Primary / Junior / Intermediate
To help students develop better problem-solving skills
To support students’ problem-solving skills, provide opportunities to:
Use reflective thinking and discussion:
- “What is the problem? What are we trying to accomplish?”
- “Have you ever done/experienced something like this before? Can you tell yourself what to do this time?”
- “What would Jesus do? How do my actions reflect my faith?”
- Possible solutions with the students and discuss/predict the ‘pros and cons’ of each before doing anything else. Offer suggestions.
- “Try that and tell me how it works out.”
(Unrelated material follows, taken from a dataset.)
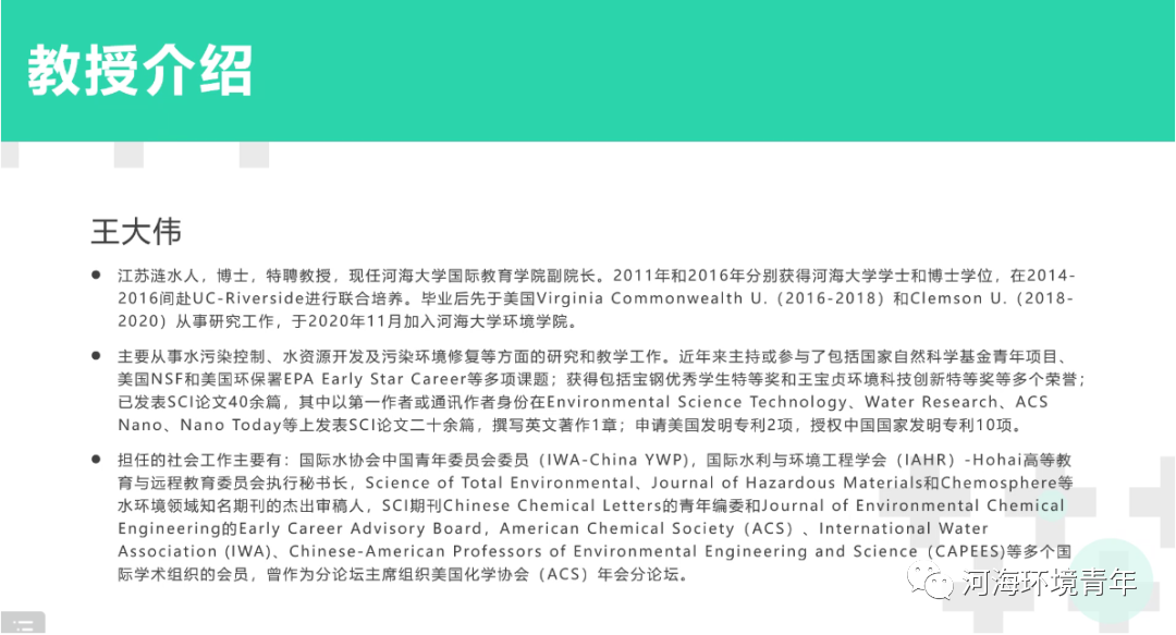 王教授由好莱坞电影《Dark Waters》引入上世纪的全氟化合物对空气造成严重污染这一话题,并由此开始了本次的E家之谈。
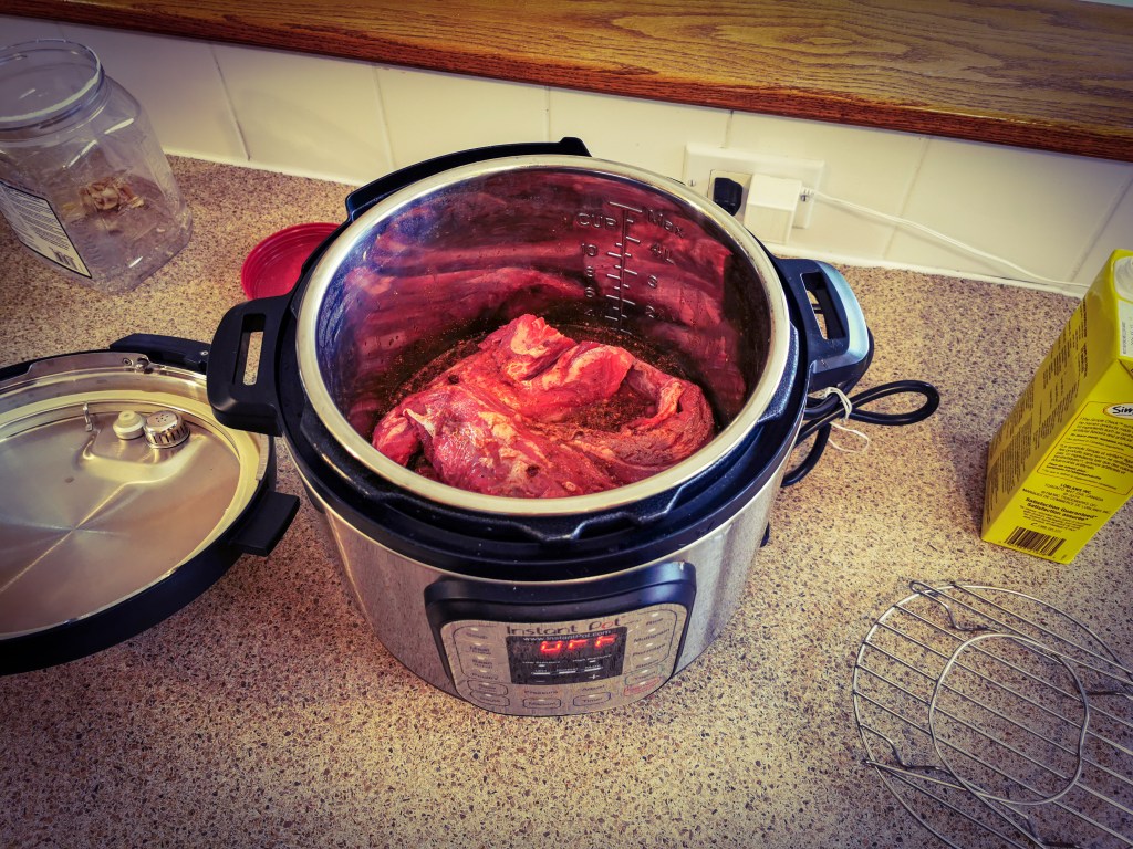 Here’s an easy dinner I threw together this evening with a beef tenderloin and an Instant Pot. It was the ‘chain’ section off a larger tenderloin I previously cut into filets (just like this). Feel free to sub a different type of meat in place of beef.

- “What might have made it work out better for next time?”
Let students learn from their experience.
- Adapted from Constructing Meaning by Nancy N. Boyles
Problem solving is an everyday skill that impacts all parts of a student’s academic and personal success. Students with strong problem-solving skills are more able to approach problems positively. Ideally, students develop a foundation of social problem-solving skills that allow them to manage choice making and complex social interactions with skilled decision making through repeated practice (Daunic, et. al, 2012; Diamond & Lee, 2011).
Daunic, A. P., Smith, S. W., Garvan, C. W., Barber, B. R., Becker, M. K., Peters, C. D., … & Naranjo, A. H. (2012). Reducing developmental risk for emotional/behavioral problems: A randomized controlled trial examining the Tools for Getting Along curriculum. Journal of school psychology, 50(2), 149-166.
Diamond, A., & Lee, K. (2011). Interventions shown to aid executive function development in children 4 to 12 years old. Science, 333(6045), 959-964.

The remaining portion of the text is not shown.